# Help!! i destroyed my door jam.



## mhwang82 (Aug 14, 2007)

Ok, so I accidentally destroyed my door jam and i need to replace the whole thing. The door got stuck on something and when i opened it with my shoulder the door jam exploded.It was the cheap kind of door jam, made with that cork type wood(sorry i don't know what it's called). How much will it cost to repair, and if you can point me into the right direction on how to install it? Any help will be appreciated, thanks.


----------



## jimioc (Nov 30, 2007)

you will need to measure the size of the jamb - go to lowes or depot - they have door jamb kits in the millwork section - if this is a newer door - you should have no problem - just remove the trim on the inside of the frame - you may also need to remove the outside trim as well - just on the broken side -  also when you buy the jamb kit - pick up some shims and long screws - i like screws - much easer to adjust - good luck
ps you may also need a sawzall to cut the nails on the old jamb


----------



## inspectorD (Dec 1, 2007)

The only thing is sometimes folks don.t have a sawzall.
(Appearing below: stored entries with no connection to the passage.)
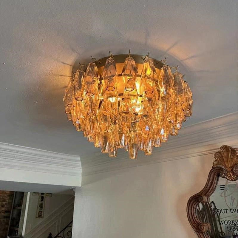 This Flushmount is suspended from a tiered steel frame with dozens of hand-blown glass polyhedra on individual hooks. Illuminated from within, the faceted chandeliers dramatically reflect and refract light. A tribute to the Italian lighting style of the 1950s with this minimalist style. |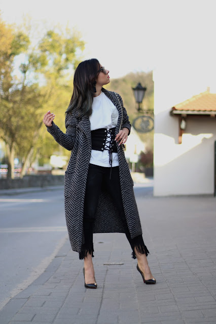 ( coat , tshirt , jeans , bag - ZARA , corset - MANGO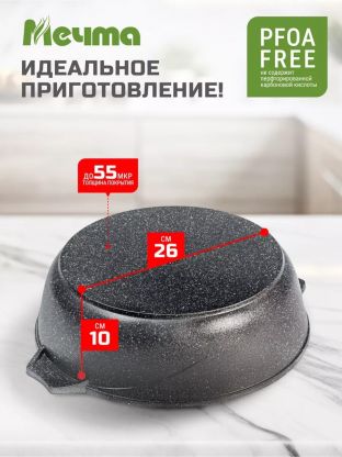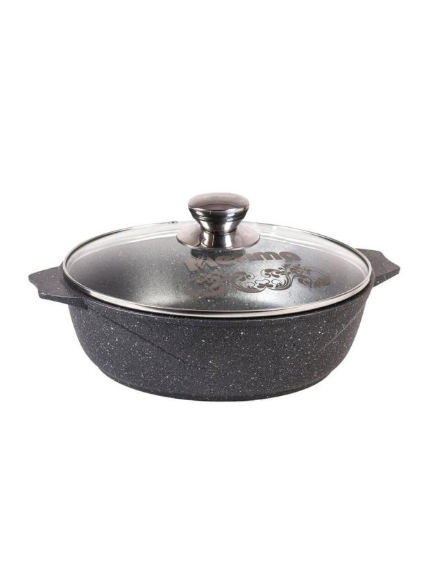 Жаровня Гранит — это специальный вид посуды для приготовления мяса, рыбы, птицы и овощей. Но именно в ней, в отличие от сковородок и противней, ваши любимые мясные блюда получатся очень нежными с хрустящей корочкой. В комплекте с жаровней Гранит идет стеклянная крышка, так как под крышкой продукты более равномерно пропекаются, и она препятствует чрезмерному испарению жидкости. Кастрюля - жаровня гранит из литого высококачественного пищевого алюминия «Мечта» станет незаменимым инструментом и надежным помощником на вашей кухне.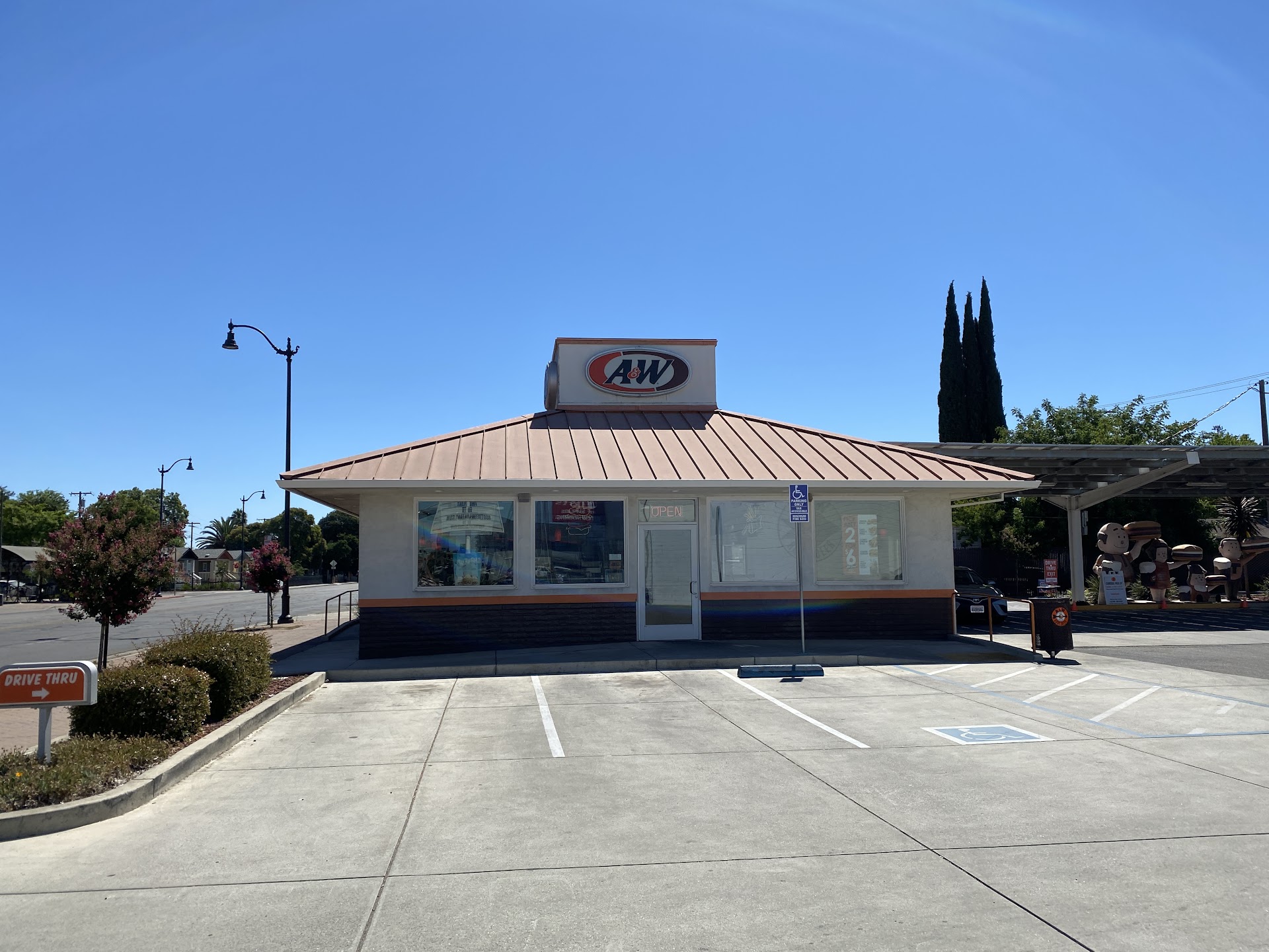 It's no different from the A&W Location in most parts of the Country, which is Unkool because it's in Lodi, California the town that is the starting place for Roy Allen's Rootbeer stand in 1919. They DON'T seem to care about being the best location, just the most modern money driven one. If you call them, they won't answer but put you on voice mail so they can supposedly "call you back". I was really hoping they would be PACKED like IN-N-OUT to NOT answer my phone calls after three times, but they weren't. I've worked at a MUCH BETTER AND BUSIER Diner where we didn't get the phone ring without answering it, EVEN during a RUSH or HOLIDAY CROWD when we were understaffed! So there's no EXUSES for them from me. They employees seem to all be dragging there Butts around unhappy which makes there costumer service poor because they aren't exited to be in the town where A&W started from give anyone mediocre service as they go through the motions to get your order and on to the next person. I learned from the Manager as well that this location as I seen on Google maps WAS, let me say that again WAS an A&W Drive-in hop restaurant. BUT the now current owner changed the hops into a solar panel Drive thru and car port. Now here's the thing out the Drive thru, if you look at the pictures I have up. You will see that it's not like other "fast food" Drive thrus, you go around the solar panels port to a menu board and speaker like usual, BUT once you place your order, you pull off closer to the building where you WAIT in your CAR for them to do a carry out FOR YOU to your car as they COME from the BACK door. Sound a lot similar to a DRIVE-IN Resturant to me EXCEPT you drive off once you get you food, BUT WAIT you can do they SAME after you order from a CAR HOP at the DRIVE-IN! they reason some so hacked is because it's HARD TO FIND stand ALONE A&W joints, then Put on top of that an original A&W DRIVE-IN! Why can't they have kept the spots where cars park NOW as Drive-in hops? Then you have the best of both worlds and DON'T throw away American tradition?? Or Just have it where you take down two Drive-in hop spots so there can be a Drive-Thru? Either way, it's the ONLY A&W in Lodi because Roy Allen's Rootbeer stand is GONE so it leaves this joint to uphold the standard for what you see in A&W. The reason they Took away a DRIVE-IN is because "times are changing and they need to keep up with the days now of business and get more money" so forget that it's HARD to find an A&W in a building BY ITS SELF now-a-days, FORGET that's Drive-in Resturant are an AMERICAN TRADITION, Forget that A&W business is doing good because they have MANY other locations but COULDN'T KEEP THIS ONE TRADITIONAL because they WANT MORE MONEY. A&W SHOULD have keep this a Drive-in Resturant with a new Drive thru, and they SHOULD have SAVED Roy Allen's Rootbeer stand on Pine St. I would only say that this location is good for looking at how GREAT A&W once WAS but NO LONGER IS. I didn't want any food here because for some reason A&W is notorious for putting hair in my food almost every time I order it. But for my cousin EVERYTIME at any location for some NASTY...

You can try a hacksaw blade with some tape on the end ...or the easier way is to get a nailset, find the nails and set or drive them deeper into the jamb.
Good luck.


----------



## kok328 (Dec 1, 2007)

if you don't want to have or want to buy a sawzall, you can buy an inexpensive hacksaw blade holder handle.  I prefer the type of handle that has a twist lock mechanism to recieve a sawzall handle.  Milwaukee calls is a job saw.


----------